Moreover, in response to questions posed by Commissioner Mark Smith, a Siesta Key resident, Osterhoudt said that the new Special Exceptions could not be considered unless the County Commission first amended the Comprehensive Plan — which guides growth in the community — to modify Future Land Use Policy 2.9.1. That policy was at the heart of the Ramirez legal challenges.

“I just wanted to clarify that,” Smith told Osterhoudt.

On Nov. 28, the commissioners agreed, on a 3-1 vote, to allow county Planning Division staff to process a series of Comprehensive Plan amendments proposed by Benderson Development Co. The first of those would be very similar to the Oct. 27, 2021 ordinance in that it would eliminate the counting of hotel and motel rooms for residential density purposes. However, this amendment would apply only to Siesta Key.

In essence, Osterhoudt noted on Dec. 12, the staff review of the new Special Exceptions would run concurrently with staff’s analysis of the Benderson Comprehensive Plan amendments.

The applicants for the Special Exceptions will have to conduct county-mandated Neighborhood Workshops on their proposals, and then the county’s Planning Commission will have to hold hearings on them before the County Commission holds the final hearings, Osterhoudt pointed out.

As for the new Comprehensive Plan amendments: Those also would have to be discussed during a Neighborhood Workshop before public hearings were conducted. However, an additional step is necessary to achieve final approval of a new Comprehensive Plan amendment: It must undergo a review by staff of the Florida Department of Economic Opportunity (DEO), which analyzes any proposed Comprehensive Plan amendment that wins initial local government approval during what is called a “transmittal hearing.” That analysis is designed to ensure that the amendment does not conflict with any facets of the affected Comprehensive Plan or state policies. Only after the DEO staff signs off on a proposed amendment can the County Commission hold its final hearing on the amendment.

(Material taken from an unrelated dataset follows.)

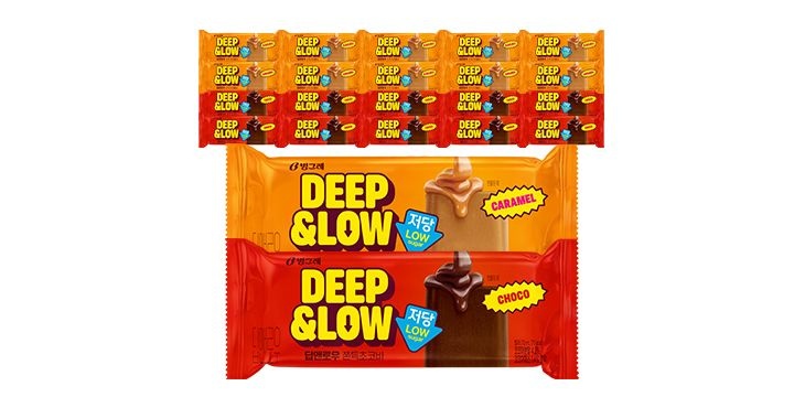[빙그레] 딥앤로우 쫀득 초코바 20개 + 카라멜바 20개 / 저당 아이스크림
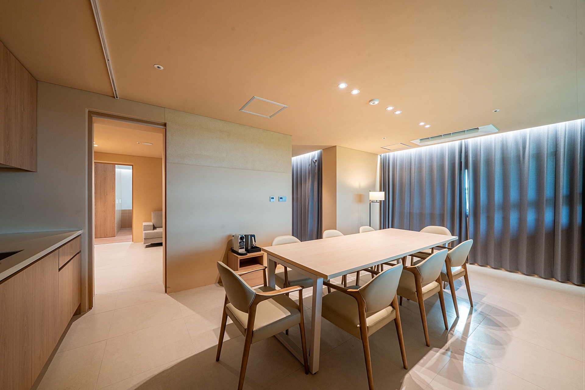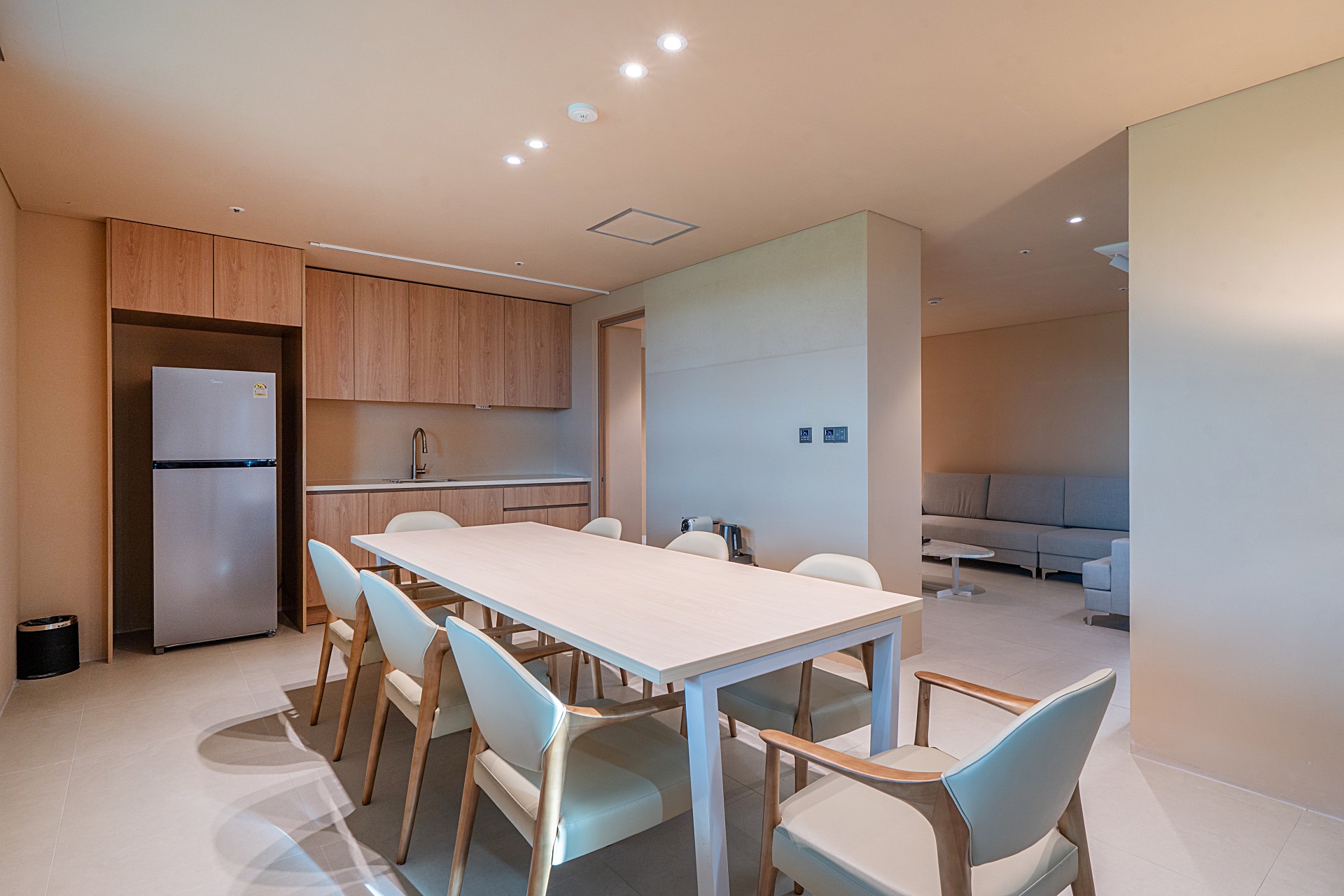 객실 유형 : 거실 + 침대룸(퀸사이즈 2) + 회의실 공간(8명) + 화장실 2

Commissioner Michael Moran made the motion to approve the new UDC amendment and to grant the Special Exception waivers. Commissioner Smith seconded the motion.

“I just want to reiterate to my Siesta Key folks,” Smith said, that the approval of the waivers that day “doesn’t mean [the Special Exceptions are] set in stone.” He referenced Osterhoudt’s earlier comments about the process that would have to take place.

“So don’t panic,” Smith told the speakers in the audience.

1 thought on “County Commission repeals October 2021 land-use change that cleared the way for approval of high-rise hotels on Siesta Key”

  1. We wish Mr. Merrill III would explain why definitions in US Census Information have any relevance in determining whether such hotel living units increase density. It is “plain as a pike staff” that they do increase density. After all, density is just a descriptive term for a mass or volume and, in this case, a mass or volume of people. Whether it is residential or non-residential, it is the volume of people occupying the rooms – whether they are located in a residential, a commercial or even an industrial zone – that is important. However those hotel rooms are labeled, they add to the density (volume) of people on the KEY. Mr. Merrill III would have us believe that because these units are non-residential for zoning purposes, we can ignore the numbers of people who occupy those units and treat them as non-existent when calculating density. Nothing could be more absurd, and I would expect a court to so find.